When I first started working on a book after "Hicksville," I felt like I had to do something that was simultaneously whimsical and enjoyable, but also had some great literary weight and significance. I don't think anyone can write a decent book under that kind of expectation. [Laughs] I did go in circles for a while. The first book I started was "Atlas" and I started serializing that as a comic book through Drawn and Quarterly. I kept going in circles. I kept changing the overall vision of the book. My conception of who the central character and narrator was changed between issue 1 and 2. I thought, well, I'll just fix it all when I put it together for the book. I was trying to put so much into that story that it became bloated and it could no longer breathe or move. I started doing "The Magic Pen" as a backup story that would be episodic and much more relaxed. I could have fun with it. That's actually how "Hicksville" started, as well. "Hicksville" was the backup story in "Pickle." The main serial was "Cafe Underground," which was the first graphic novel I planned. I fully scripted that and then slowly started drawing it. I started "Hicksville" to have a story where I didn't know where it was going. I just knew the landscape I wanted to explore. So I started that as a backup story and then it grew and started to take over the comic and began to subsume all the other stories in "Pickle" and finally became the first book I ever finished.

We've had this very heavy conversation, but the feeling of telling the story being pleasurable and telling a pleasurable story really comes through.

When I was in the worst of my creative block, I didn't enjoy drawing or telling stories.
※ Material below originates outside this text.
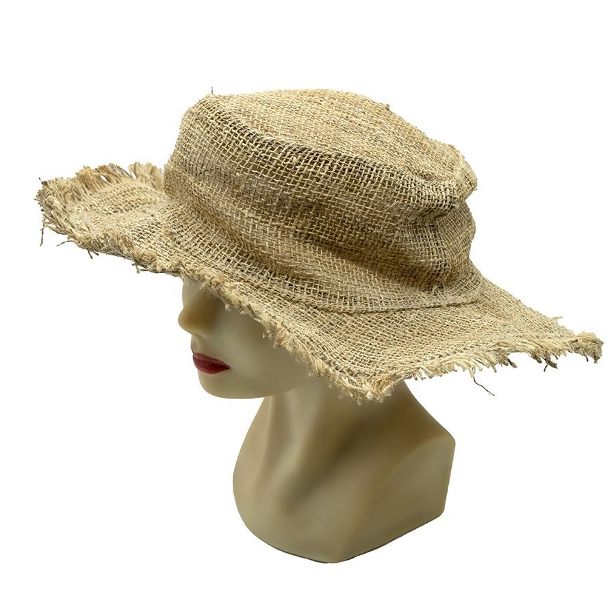 Sombrero de Flecos Tejido a Mano con Cáñamo del Himalaya Orgánico Natural, 100% Natural, 100% Hecho a Mano, Ecológico, Beige, Ala Ancha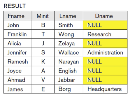 FROM EMPLOYEE LEFT OUTER JOIN DEPARTMENT ON Ssn=Mgr_ssn;

I felt like I had to do them, and they had to be done well enough to impress everybody. I kept trying to draw like other people. The first issue of "Atlas" was me trying to draw like the European cartoonists I was obsessed with at the time because I was very conscious of my drawing being inadequate. For God's sake -- I was being published by Drawn and Quarterly! I was on the same list as Julie Doucet and Seth and these other heroes of mine. It was very intimidating. Add to that the whole second book syndrome; I was giving myself such a hard time. At a certain point, it was painful to draw. It was really painful because I was so conscious of how badly I was doing it. After a couple years of that I got to the point where I felt like, drawing used to make me happy, telling stories used to make me happy. I used to enjoy it. I decided that I had to draw just for myself. I started doing a lot of sketchbook stuff. I did a couple of stories just for the pleasure of it.
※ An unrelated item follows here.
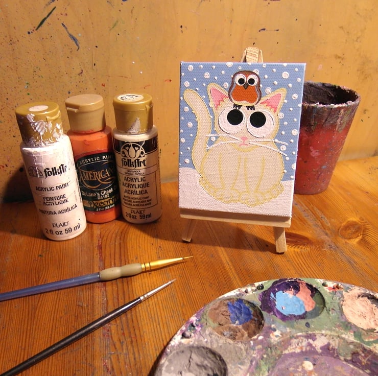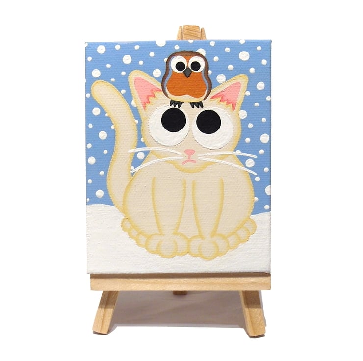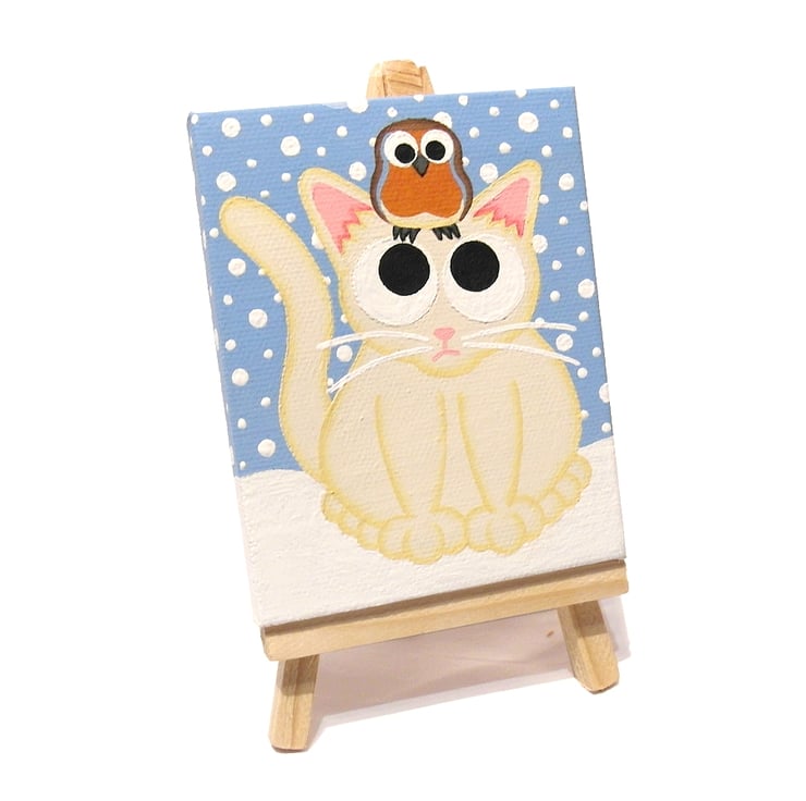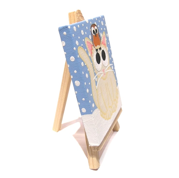 The cartoon cat and robin artwork is painted in acrylics on a mini 8cm x 10cm (3.2" x 4") canvas, and is signed and dated on the back.

I think for me the turning point was realizing that I couldn't actually draw like other people. There were all these other people I wished I could draw like but I just couldn't pull it off. Drawing is too physical. It's like singing. You can train your voice and you can exercise it, but you can't change it to someone else's voice. I feel that way about drawing. My drawing is innately awkward. I'm not a natural draftsman in the way that someone like Craig Thompson is. I've always struggled to draw. I realized I can't draw like other people, but there's no one else in the world who can draw quite like I do either. Drawing is so personal, it's like handwriting. I went back to using the same drawing tools I used when I did "Hicksville," which is felt tip pens. I went back to drawing on crappy cartridge paper and it was very liberating. I found myself drawing with pleasure again.
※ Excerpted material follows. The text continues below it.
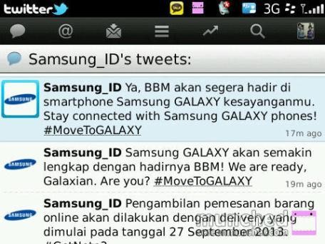 Samsung Indonesia Promosikan BBM untuk Galaxy - detikInet Kamis, 19 Sep 2013 15:57 WIB Tautan telah disalin @Samsung_ID (fyk/detikINET) Jakarta - (yud/tyo) Tautan telah disalin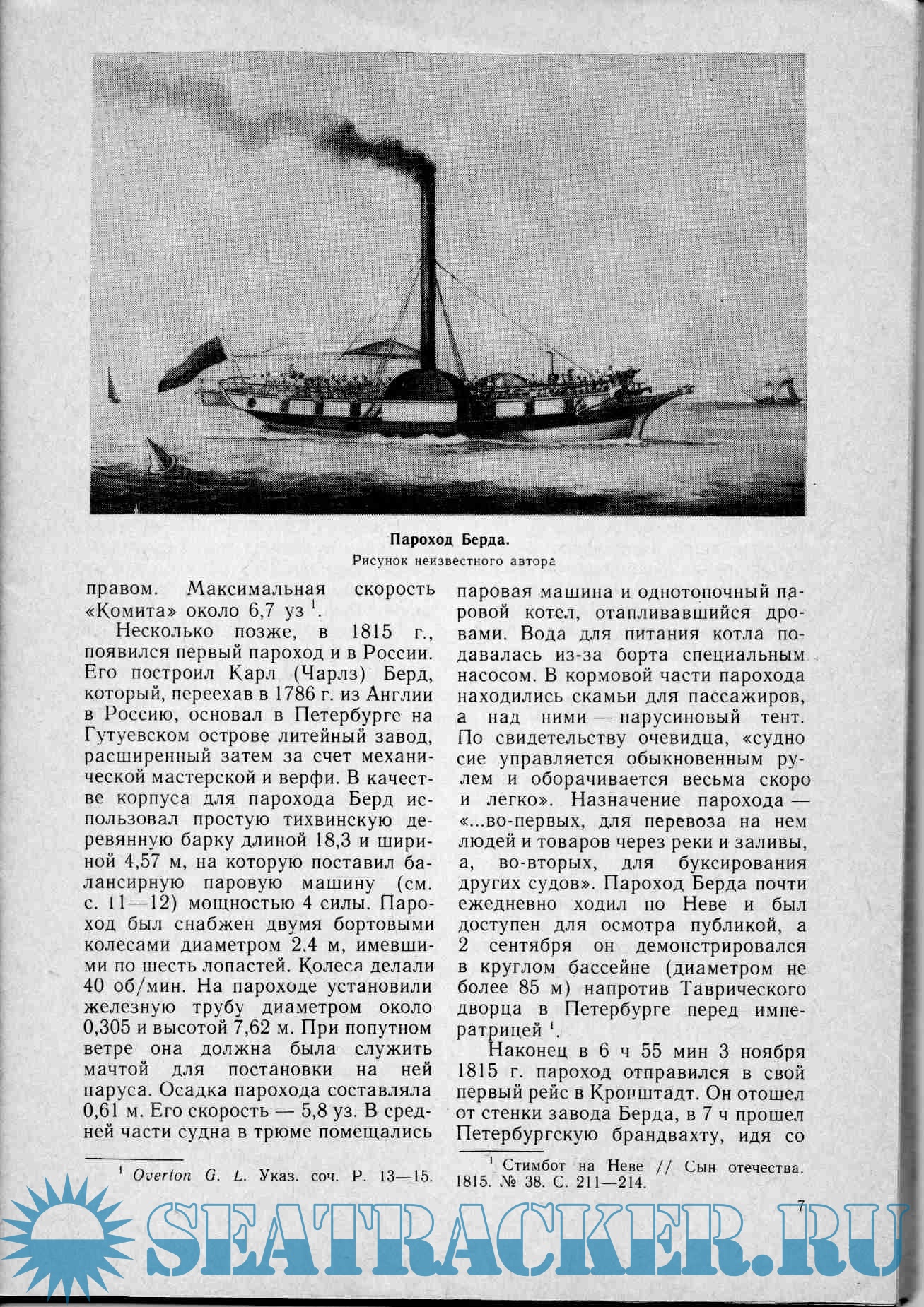 Описание: На основе архивных документов изложена история создания первых пароходов и организации пароходных сообщений на юге России в первой половине XIX в. Приведены подробные данные по черноморским пароходам прошлого столетия, рассказано о кораблестроителях, их создавших. Рассмотрены оригинальные конструктивные решения, предложенные ими на рубеже перехода от парусного флота к паровому. Для широкого круга судостроителей и всех, интересующихся историей отечественного судостроения и флота.

By the time I finished "The Magic Pen," I felt that the key was walking away from other people's expectations -- or my perception of what other people's expectations would be -- and deciding that I was going to do it for the pleasure of doing. That's something Lynda Barry talks about all the time, dipping your brush into the ink, moving it along the paper, and focusing on the physical pleasure of moving that brush across the paper and watching the ink trail along behind it. The goal isn't to produce a beautiful picture that other people will be impressed by; instead the goal is to have that experience of moving the brush along the paper. Once I got to that, drawing became like meditation -- and ultimately almost like a prayer to the world. I'm enjoying making comics more now than I have ever in my whole life. It's just sheer joy.